Я решила, что раз уж мне придется жить жизнью женщины, я хотя бы попытаюсь сделать всё, чтобы бы не стать похожей на тех, кто меня окружал, — двуличных, изображающих любовь на публике, но шикающих мне в лицо за закрытыми дверями. Одного стремления избавиться от мизогинии было недостаточно, ведь каждый раз, глядя в зеркало, я видела не себя, а отражение всех тех, кто меня судил. В зеркале бабушки я была никчемной, в зеркале матери — разочарованием, в зеркале подруг и учителей — неправильной, не подходящей для дружбы и общения. Мои волосы, кожа, фигура — всё искажалось чужими мнениями и требованиями, всё, что я видела, — совокупность недостатков без единого проблеска достоинств. Очевидно, что это было чужое отражение, но тогда я еще не понимала, где заканчиваются они и начинаюсь я.

Когда бабушка тяжело заболела, я поехала проститься с ней в надежде услышать, что вся та боль, которую она мне причинила, была проявлением ее любви и заботы, что ее жестокость была лишь способом сделать меня сильной, подготовить к жизни, научить рассчитывать только на себя, как когда-то пришлось ей, оставшейся совсем одной без помощи с маленьким ребенком на руках и зарплатой школьной учительницы. Увы, в тот момент она физически не могла сказать всего, что я хотела услышать, и ограничилась банальным «Я тебя люблю».

Эти слова, прозвучавшие впервые, разрушили заклятье, но лишь наполовину. Признание означало, что она наконец увидела во мне себя, свои привычки, манеры и взгляды на жизнь, которые так долго инсталлировала через боль и унижение. Я не заметила, как моя квартира превратилась в музей чистоты и строгих правил, в какой момент я стала избавляться от вещей с первого катышка, не заметила даже, как позеленели с годами мои карие глаза. Всё это стало частью наследства — бабушкиного характера, со всей ее силой, мудростью и жестокостью. Мне больше нечего было бояться: вместе с бабушкой из жизни ушли и ее осуждения. Во время похорон бабушкин голос в моей голове затих, и я слышала только плач тех, кто пришел с ней проститься. Из этой абсолютной внутренней тишины родился вопрос «А было ли всё это на самом деле, все эти осуждения, наказания, или я по собственной воле всегда носила бабушку с собой в потайном кармашке, руководствовалась ее словами и воплощала в жизнь ее установки, будучи неспособной придумать собственные?

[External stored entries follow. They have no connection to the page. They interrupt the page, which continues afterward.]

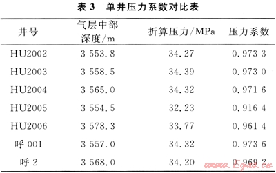 根據(jù)單井初期不穩(wěn)定試井資料,將氣井初期地層壓力折算至統(tǒng)一海拔深度,扣除投產(chǎn)時(shí)間晚2a的HU2005井和HU2006井,其余井壓力系數(shù)在0.9716~0.9736之間(表3),相對(duì)偏差較小,在0.05%~0.1%,說(shuō)明未投產(chǎn)前各井同屬一個(gè)壓力系統(tǒng)。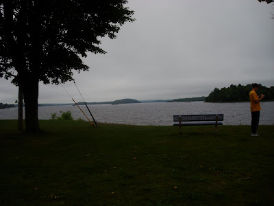 We got ready for the morning and went to bed. In the morning, Diane drove Laurie, Amy, and Adam to the bus pickup. I ended up getting really bad stomach cramps (usually get them from not eating enough) and was balled up on the bed while Diane was away. It cleared up about an hour before we were to leave to go to the half-way point. Phew! That's the last time I'm eating a high-protein, no carbohydrate dinner pre-race, and I am sure the junk food all day didn't help.The halfway point of the marathon, where the handoff was located, was in Gile. This was a really cool park near the flowage.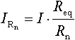 Strømstyrken gennem den n'te parallelle resistans IRn er lig med den samlede strømstyrke I multipliceret med den ækvivalente resistans Req for de parallelt koblede resistanser, delt med den n'te resistans Rn.

Что если их никогда и не было, как нет сейчас, когда она мертва и не способна больше говорить? Получается, это не бабушка украла у меня годы жизни, а моя собственная, внутренняя мизогиния?». Всё то время, что я слушала упреки в свою сторону, где-то глубоко в подсознании развивался зародыш внутреннего критика. Его (или ее) голос звучал едва различимо, чтобы я ничего не заподозрила раньше времени, а напротив, была уверена, что действую по собственной воле, когда выбираю одежду, чтобы понравиться не себе, а другим женщинам, когда мысленно репетирую, как буду вести себя в той или иной ситуации, чтобы не упасть в грязь лицом. Этот внутренний критик уже руководил мной, заставлял сомневаться и ругать себя каждую минуту, но оставался безнаказанным, прячась за бабушкину спину. Только после бабушкиной смерти внутренний критик обнаружил себя, вышел на первый план и сообщил, что да, заклятье пало, но лишь наполовину.

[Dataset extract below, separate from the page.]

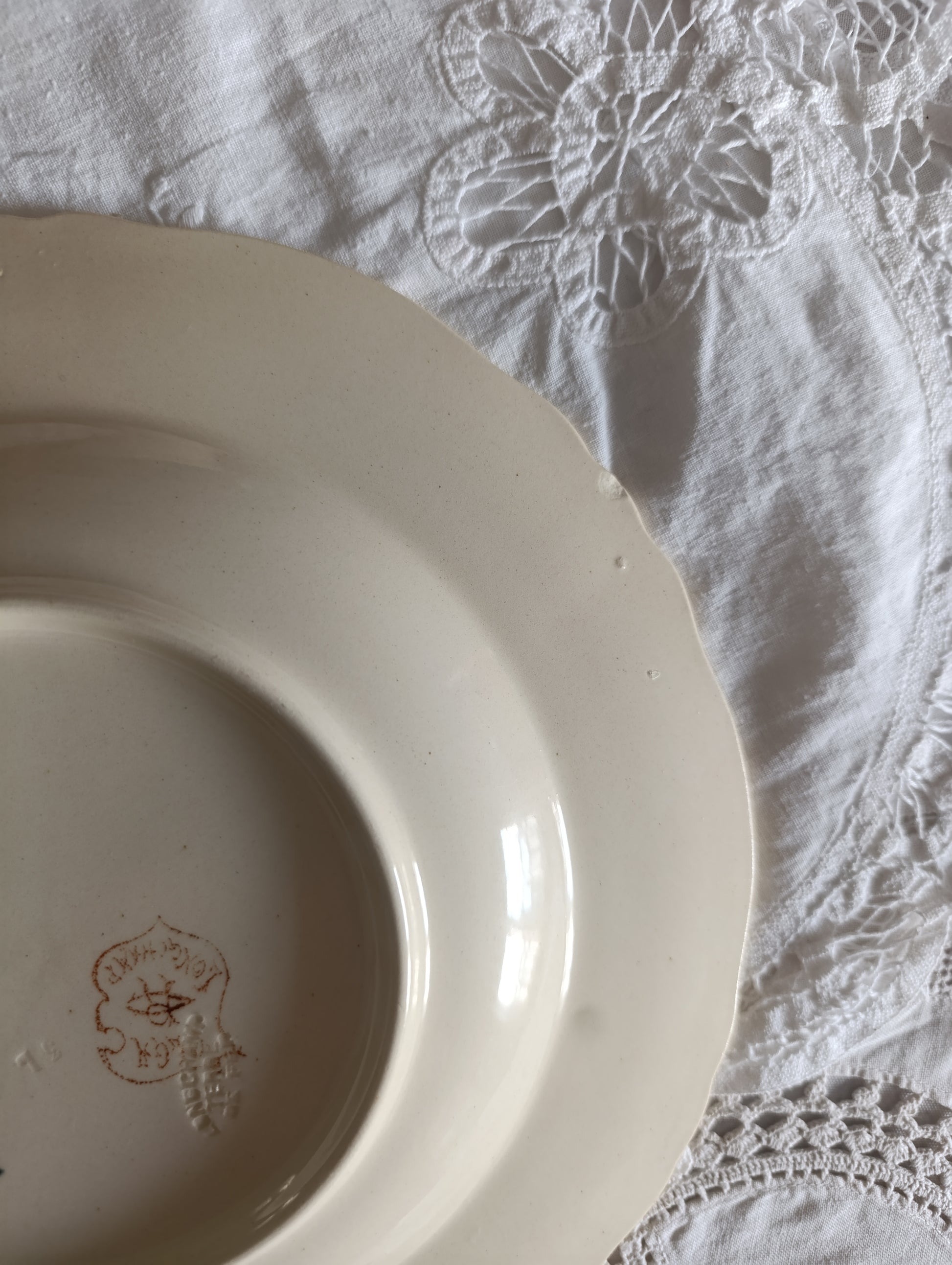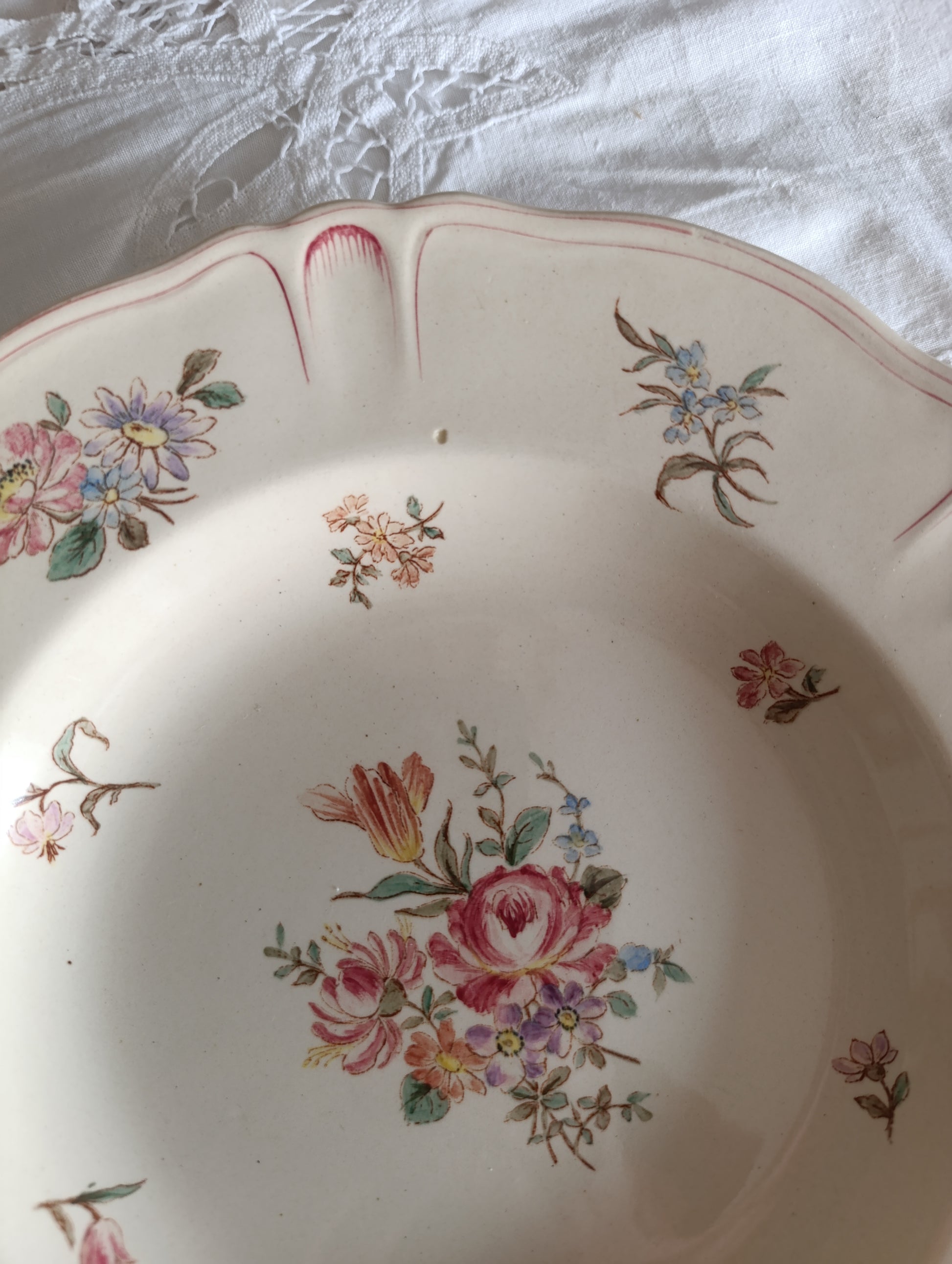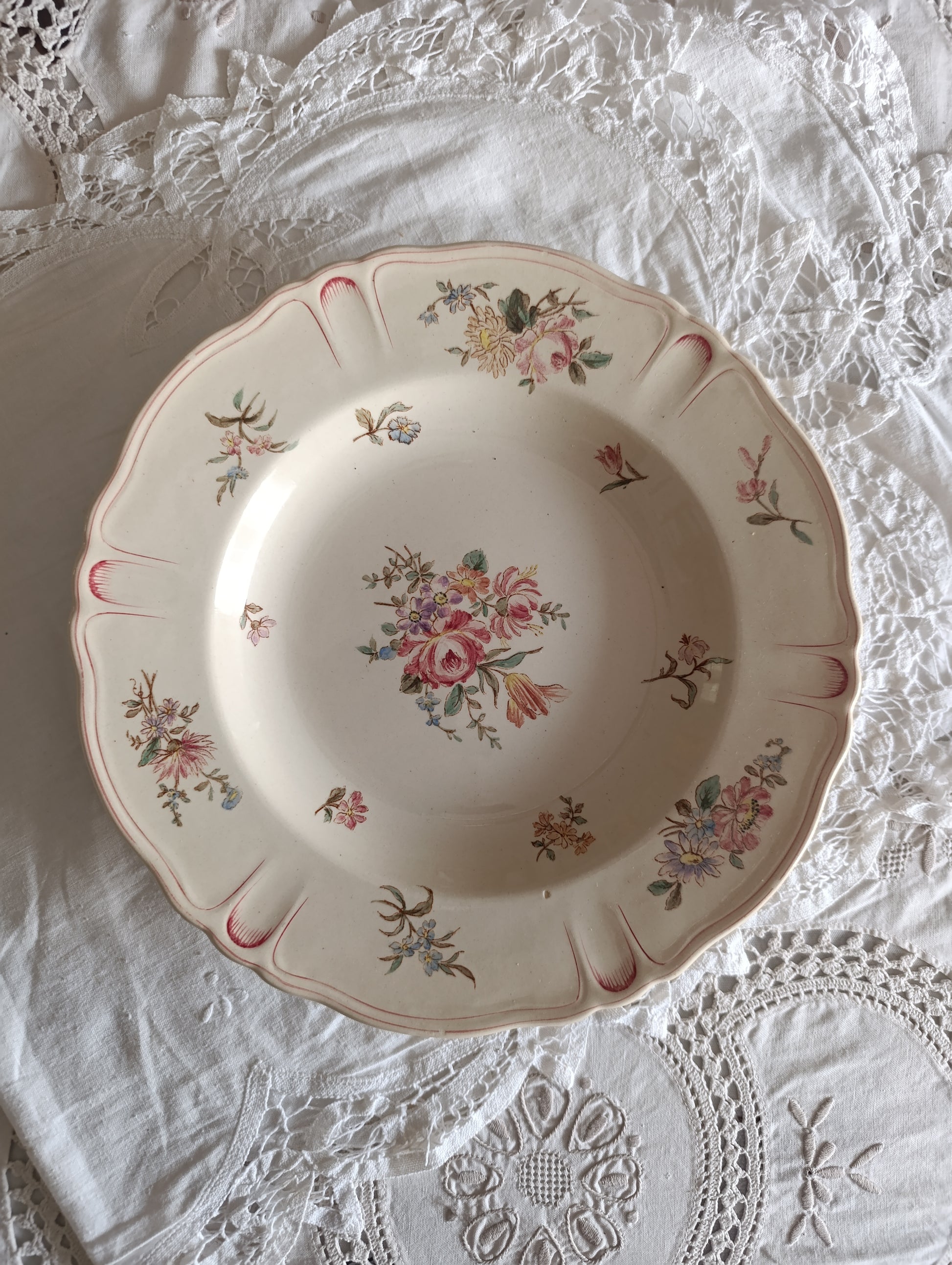Assiette à soupe en terre de fer polychrome décoré de fleurs modèle Olga de Longchamp

С того момента моя жизнь изменилась, но не потому, что никто больше меня не критиковал. Я так и не научилась находить с женщинами общий язык, не стала для них своей. Вместо попыток влиться в общество женщин, я создала для себя собственное представление о том, какой должна быть женщина, в жизни которой нет ненависти к себе и другим женщинам, нет потребительского отношения к мужчинам, есть только четкое понимание, что никто не в ответе за мои ожидания от жизни.

Моя бабушка преподала мне важный урок: быть женщиной в этом мире — это ежедневная борьба, но эта борьба не должна превращаться в войну с самой собой и с другими женщинами. Женщина может быть сильной, но не жестокой, уверенной в себе, но не обесценивающей других. Теперь мне предстоит решить, какие бабушкины черты стоит взять с собой в новую жизнь, а какие нет. Если у меня получится, то однажды я увижу в зеркале женщину, которой хочу быть, — свободную теперь уже от внутреннего заклятья мизогинии.

Иллюстрация: Анастасия Эмиль

20 ноября 2024 г.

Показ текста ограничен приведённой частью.